● **Activity**
Exact copies of all the lines below are needed, without the pictures.

───── Given material

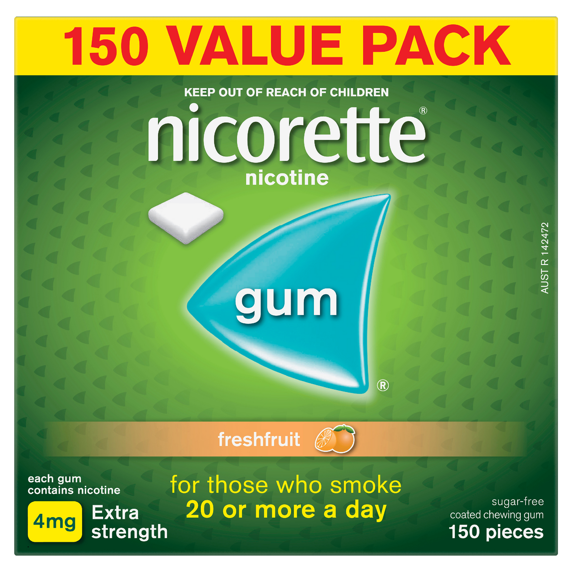 Nicorette Quit Smoking Extra Strength Nicotine Gum Freshfruit 150 Pack
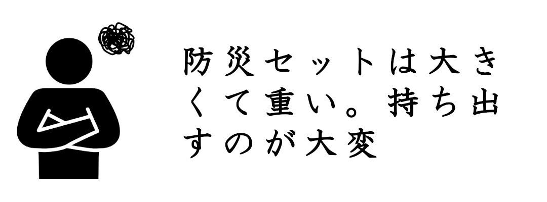 しかし、既存の防災バックでは「大きすぎて玄関に備えるのが難しい」と感じたり、「玄関が狭くなるので防災バックを置くのは避けたい」といった方がいらっしゃるのではないでしょうか。
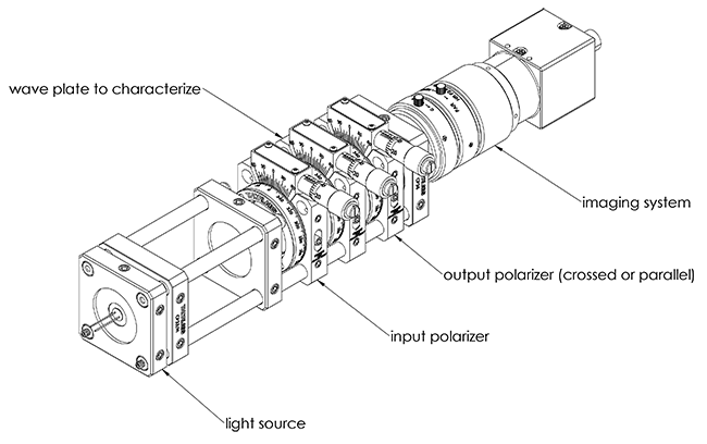 Experimentally, we will re-use our [»] 3-polarizers system except, this time, we will introduce our wave plate between two polarizers. The setup is shown in Figure 1. The input polarization axis is not important but the output polarizer must be accurately set to parallel or crossed configuration using the strategy explained in our [»] previous post.

──────────

● **Completed exercise**
 Nicorette Quit Smoking Extra Strength Nicotine Gum Freshfruit 150 Pack
 しかし、既存の防災バックでは「大きすぎて玄関に備えるのが難しい」と感じたり、「玄関が狭くなるので防災バックを置くのは避けたい」といった方がいらっしゃるのではないでしょうか。
 Experimentally, we will re-use our [»] 3-polarizers system except, this time, we will introduce our wave plate between two polarizers. The setup is shown in Figure 1. The input polarization axis is not important but the output polarizer must be accurately set to parallel or crossed configuration using the strategy explained in our [»] previous post.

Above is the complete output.